- [What to work on]:
Produce an exact transcription of every entry.

- [Data entries]:
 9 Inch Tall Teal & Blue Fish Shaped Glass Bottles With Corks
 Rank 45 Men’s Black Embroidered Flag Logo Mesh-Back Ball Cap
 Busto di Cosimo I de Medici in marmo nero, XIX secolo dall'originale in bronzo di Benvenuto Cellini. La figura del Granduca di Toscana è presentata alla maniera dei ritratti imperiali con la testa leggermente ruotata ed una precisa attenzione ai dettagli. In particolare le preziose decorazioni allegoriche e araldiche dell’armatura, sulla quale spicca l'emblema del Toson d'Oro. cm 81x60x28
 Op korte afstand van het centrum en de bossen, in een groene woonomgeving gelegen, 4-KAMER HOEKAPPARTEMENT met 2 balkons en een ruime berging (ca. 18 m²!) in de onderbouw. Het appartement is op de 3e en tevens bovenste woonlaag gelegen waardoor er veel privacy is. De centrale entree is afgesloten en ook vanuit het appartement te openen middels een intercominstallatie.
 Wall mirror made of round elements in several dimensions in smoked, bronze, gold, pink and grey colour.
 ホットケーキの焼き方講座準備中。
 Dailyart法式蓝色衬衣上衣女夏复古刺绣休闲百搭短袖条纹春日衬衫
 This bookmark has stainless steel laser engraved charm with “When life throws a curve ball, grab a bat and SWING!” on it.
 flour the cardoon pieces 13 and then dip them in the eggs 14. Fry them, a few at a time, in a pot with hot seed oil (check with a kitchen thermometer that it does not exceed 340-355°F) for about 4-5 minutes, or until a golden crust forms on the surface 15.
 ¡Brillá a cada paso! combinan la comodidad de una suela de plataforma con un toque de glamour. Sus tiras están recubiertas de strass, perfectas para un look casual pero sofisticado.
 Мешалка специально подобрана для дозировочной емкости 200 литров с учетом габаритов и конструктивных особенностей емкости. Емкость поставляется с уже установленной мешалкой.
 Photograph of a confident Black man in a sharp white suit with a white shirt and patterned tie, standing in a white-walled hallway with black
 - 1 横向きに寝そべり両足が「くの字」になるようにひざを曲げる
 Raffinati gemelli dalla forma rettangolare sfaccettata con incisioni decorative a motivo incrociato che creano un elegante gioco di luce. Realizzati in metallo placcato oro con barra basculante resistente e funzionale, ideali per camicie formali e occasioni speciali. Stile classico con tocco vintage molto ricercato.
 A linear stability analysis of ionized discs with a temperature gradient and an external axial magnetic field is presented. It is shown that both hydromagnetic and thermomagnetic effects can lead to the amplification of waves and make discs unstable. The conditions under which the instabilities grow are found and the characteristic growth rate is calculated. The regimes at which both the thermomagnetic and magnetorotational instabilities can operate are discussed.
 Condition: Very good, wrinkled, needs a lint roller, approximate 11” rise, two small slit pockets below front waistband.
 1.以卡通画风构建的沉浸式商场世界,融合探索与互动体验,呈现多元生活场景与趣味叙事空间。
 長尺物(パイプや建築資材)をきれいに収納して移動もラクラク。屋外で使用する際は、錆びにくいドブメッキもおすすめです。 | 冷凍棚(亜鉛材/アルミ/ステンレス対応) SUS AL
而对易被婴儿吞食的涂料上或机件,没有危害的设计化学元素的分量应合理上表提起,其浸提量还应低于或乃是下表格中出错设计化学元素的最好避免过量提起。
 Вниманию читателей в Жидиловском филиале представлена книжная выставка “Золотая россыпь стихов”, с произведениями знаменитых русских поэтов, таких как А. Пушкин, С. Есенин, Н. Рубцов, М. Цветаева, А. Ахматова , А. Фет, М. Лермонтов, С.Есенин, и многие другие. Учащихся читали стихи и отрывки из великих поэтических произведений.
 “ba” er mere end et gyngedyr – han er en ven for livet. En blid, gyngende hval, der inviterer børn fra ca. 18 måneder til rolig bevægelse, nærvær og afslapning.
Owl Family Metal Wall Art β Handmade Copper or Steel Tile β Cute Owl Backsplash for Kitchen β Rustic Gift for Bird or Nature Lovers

- [Completed task]:
 9 Inch Tall Teal & Blue Fish Shaped Glass Bottles With Corks
 Rank 45 Men’s Black Embroidered Flag Logo Mesh-Back Ball Cap
 Busto di Cosimo I de Medici in marmo nero, XIX secolo dall'originale in bronzo di Benvenuto Cellini. La figura del Granduca di Toscana è presentata alla maniera dei ritratti imperiali con la testa leggermente ruotata ed una precisa attenzione ai dettagli. In particolare le preziose decorazioni allegoriche e araldiche dell’armatura, sulla quale spicca l'emblema del Toson d'Oro. cm 81x60x28
 Op korte afstand van het centrum en de bossen, in een groene woonomgeving gelegen, 4-KAMER HOEKAPPARTEMENT met 2 balkons en een ruime berging (ca. 18 m²!) in de onderbouw. Het appartement is op de 3e en tevens bovenste woonlaag gelegen waardoor er veel privacy is. De centrale entree is afgesloten en ook vanuit het appartement te openen middels een intercominstallatie.
 Wall mirror made of round elements in several dimensions in smoked, bronze, gold, pink and grey colour.
 ホットケーキの焼き方講座準備中。
 Dailyart法式蓝色衬衣上衣女夏复古刺绣休闲百搭短袖条纹春日衬衫
 This bookmark has stainless steel laser engraved charm with “When life throws a curve ball, grab a bat and SWING!” on it.
 flour the cardoon pieces 13 and then dip them in the eggs 14. Fry them, a few at a time, in a pot with hot seed oil (check with a kitchen thermometer that it does not exceed 340-355°F) for about 4-5 minutes, or until a golden crust forms on the surface 15.
 ¡Brillá a cada paso! combinan la comodidad de una suela de plataforma con un toque de glamour. Sus tiras están recubiertas de strass, perfectas para un look casual pero sofisticado.
 Мешалка специально подобрана для дозировочной емкости 200 литров с учетом габаритов и конструктивных особенностей емкости. Емкость поставляется с уже установленной мешалкой.
 Photograph of a confident Black man in a sharp white suit with a white shirt and patterned tie, standing in a white-walled hallway with black
 - 1 横向きに寝そべり両足が「くの字」になるようにひざを曲げる
 Raffinati gemelli dalla forma rettangolare sfaccettata con incisioni decorative a motivo incrociato che creano un elegante gioco di luce. Realizzati in metallo placcato oro con barra basculante resistente e funzionale, ideali per camicie formali e occasioni speciali. Stile classico con tocco vintage molto ricercato.
 A linear stability analysis of ionized discs with a temperature gradient and an external axial magnetic field is presented. It is shown that both hydromagnetic and thermomagnetic effects can lead to the amplification of waves and make discs unstable. The conditions under which the instabilities grow are found and the characteristic growth rate is calculated. The regimes at which both the thermomagnetic and magnetorotational instabilities can operate are discussed.
 Condition: Very good, wrinkled, needs a lint roller, approximate 11” rise, two small slit pockets below front waistband.
 1.以卡通画风构建的沉浸式商场世界,融合探索与互动体验,呈现多元生活场景与趣味叙事空间。
 長尺物(パイプや建築資材)をきれいに収納して移動もラクラク。屋外で使用する際は、錆びにくいドブメッキもおすすめです。 | 冷凍棚(亜鉛材/アルミ/ステンレス対応) SUS AL
而对易被婴儿吞食的涂料上或机件,没有危害的设计化学元素的分量应合理上表提起,其浸提量还应低于或乃是下表格中出错设计化学元素的最好避免过量提起。
 Вниманию читателей в Жидиловском филиале представлена книжная выставка “Золотая россыпь стихов”, с произведениями знаменитых русских поэтов, таких как А. Пушкин, С. Есенин, Н. Рубцов, М. Цветаева, А. Ахматова , А. Фет, М. Лермонтов, С.Есенин, и многие другие. Учащихся читали стихи и отрывки из великих поэтических произведений.
 “ba” er mere end et gyngedyr – han er en ven for livet. En blid, gyngende hval, der inviterer børn fra ca. 18 måneder til rolig bevægelse, nærvær og afslapning.
Owl Family Metal Wall Art β Handmade Copper or Steel Tile β Cute Owl Backsplash for Kitchen β Rustic Gift for Bird or Nature Lovers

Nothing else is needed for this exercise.